Part 15 (1/2)
”It was a mean Siberian village half hidden in the Siberian snow, for the winter was unduly early. I observed my host closely, for I now knew him to be a traitor and a charlatan. The `monastery' as he called it in Petrograd, and for which hundreds gave him subscriptions, was not a religious house at all, and it had never been consecrated as such.
Rasputin himself was not even a monk, for he had never been received into the church.”
In describing this ”monastery” for which the monk had filched thousands upon thousands of roubles from the pockets of his neophytes in Petrograd, Helidor says:
”It was a large house, which had only recently been furnished luxuriously. It was full of holy ikons, of portraits of women, and of magnificent presents from their Majesties. The occupants of the place numbered a dozen women, mostly young, garbed as nuns and performing daily religious observances.”

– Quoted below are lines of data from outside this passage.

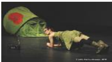
Babaol és un espectacle de dansa per al públic familiar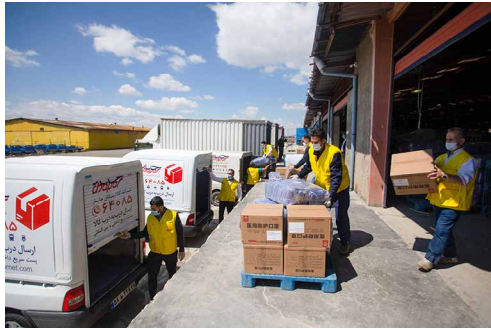
نمایندگان بخش خصوصی از اقدامات نیکوکارانه فعالان اقتصادی می‌گویند

برنامه مرور تجربه کمپین نفس و تلاش اتاق‌های بازرگانی برای کمک به کادر درمان و مقابله با کرونا، روز دوشنبه ۳۰ تیر از ساعت ۱۷ تا ۱۹.۳۰ و بر بستر فضای مجازی برگزار خواهد شد. فعالان اقتصادی، نیکوکاران و خیرین، فعالان حوزه مسوولیت اجتماعی و تمامی علاقمندان برای ثبت‌نام و حضور در این برنامه که به صورت آنلاین برگزار می‌شود می‌توانند به لینک زیر مراجعه کرده و ثبت‌نام کنند.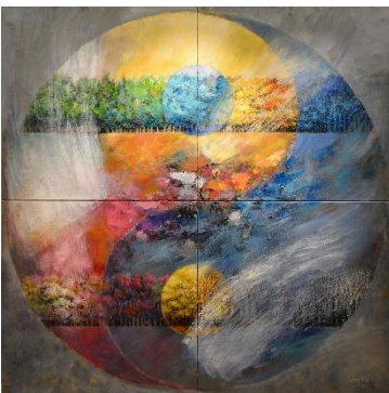
« Le Sentier », 160 x 160 cm CHUNG-HING, poète et peintre, Hong-Kong / Paris http://chunghing.free.fr/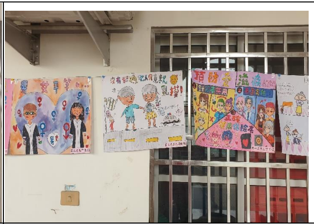
說明：健康促進學藝作品展示在玄關前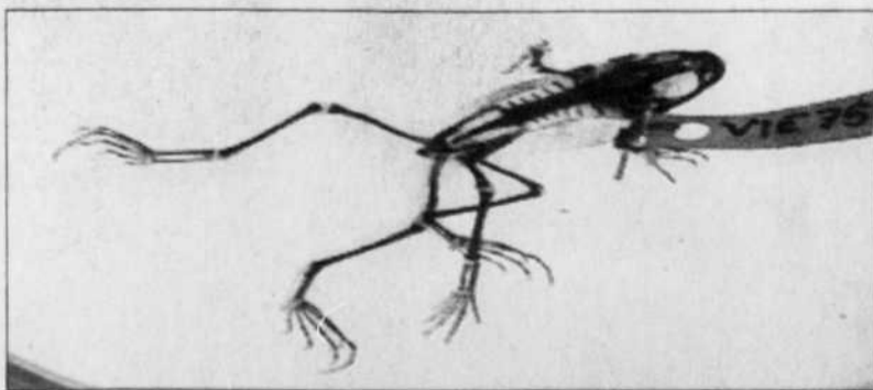
Une grenouille à six pattes, exemple des mutations qui se produisent dans les cours d'eau agricoles à cause des pesticides.

Certes, La Loi de l'eau , qui aurait pu tout aussi bien s'intituler La Loi du si-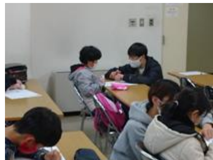
【長岡大学レオクラブ】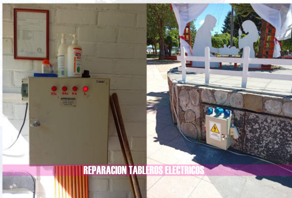
REPARACION TABLEROS ELECTRICOS

Apparently the establishment was a Siberian ”Abode of Love,” much upon the lines, as the Smyth-Piggott cult, yet Helidor has declared that what struck him most was the open hostility of the mujiks towards the ”Holy Father.”
”They are annoyed, my dear brother Helidor, because you have come with me from Petrograd,” the ”saint” declared in excuse.

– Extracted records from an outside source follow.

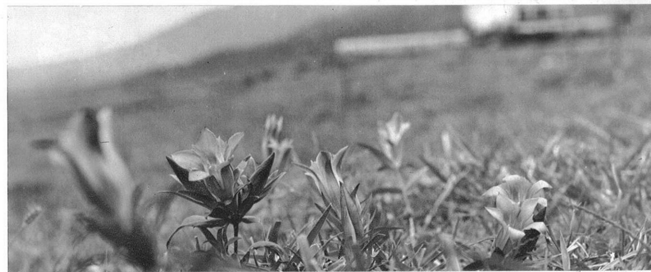
左・阿蘇東口登山 道路につながるロープウェイ 仙酔峡が眼下に雄大な展がりを見せる。 下・高原に咲き乱れるりんどうの花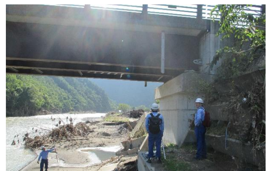
橋梁の被災状況の確認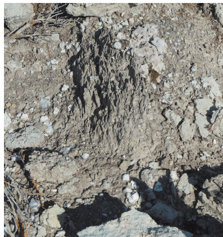
Base de mojón de yeso muy antiguo (nº 127 con Monegrillo)

En las mojonaciones antiguas los canteros señalaban la dirección del término con la letra inicial del nombre de cada pueblo grabada en el lado correspondiente del mojón (si los operarios no se equivocaban al colocarlo, tal y como ocurrió con el mojón nº 18 con Monegrillo), letra que a veces falta en algunos que se colocaron como reposiciones. Estas letras han aguantado más en los mojoneros hechos de piedra caliza debido a la mayor dureza de la roca, mientras han desaparecido por erosión en la mayor parte de los de yeso: es más, en estos fue perjudicial el marcar los términos con una letra ya que esa incisión retiene el agua facilitando el comienzo de la disolución del yeso (ver mojón nº 66 con Gelsa). Hay un cantero fácilmente reconocible por cincelar las letras dentro de un recuadro y que realizó varios mojoneros en caliza con el término de Castejón de Monegros (como los mojoneros 2 y 55 por ejemplo, marcando entonces las letras “CA” hacia Castejón), encontrándose también en yeso con esa hechura el mojón nº 28 con Bujaraloz.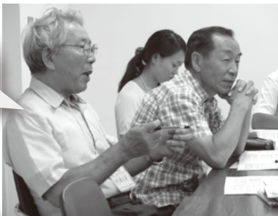
防犯・防災分科会

But Helidor noticed that Antoine, the Archbishop of Tobolsk, who visited him, betrayed the same marked hostility, while the people of the village all declared without mincing matters that Grichka, whom they had known as a convicted horse-thief and a.s.saulter of women, was merely a _debauche_.
Again came wild telegrams from the Empress. The ”Saint's” prophecy had been fulfilled and the Tsarevitch had been taken seriously ill at the exact hour he had predicted.
”Nikki has returned. Both of us are in deadly fear,” she telegraphed.
”Kousmin (the Court physician) cannot diagnose the malady. Come to us at once, Holy Father, I pray to you, come and save us. Give your blessing and your sympathy to your devoted sister.--A.”
At the same time His Majesty sent a telegraphic message to the man who made and unmade Ministers and who ruled all Russia at home and in the field. It was despatched from the Winter Palace half-an-hour after the message of the Empress, and read:
”Friend, I cannot command, but I beg of you to return instantly to us.
We want your help. Without it, Alexis will die, and the House of Romanoff is doomed. I have sent the Imperial train to you. It leaves in an hour.--Nicholas.”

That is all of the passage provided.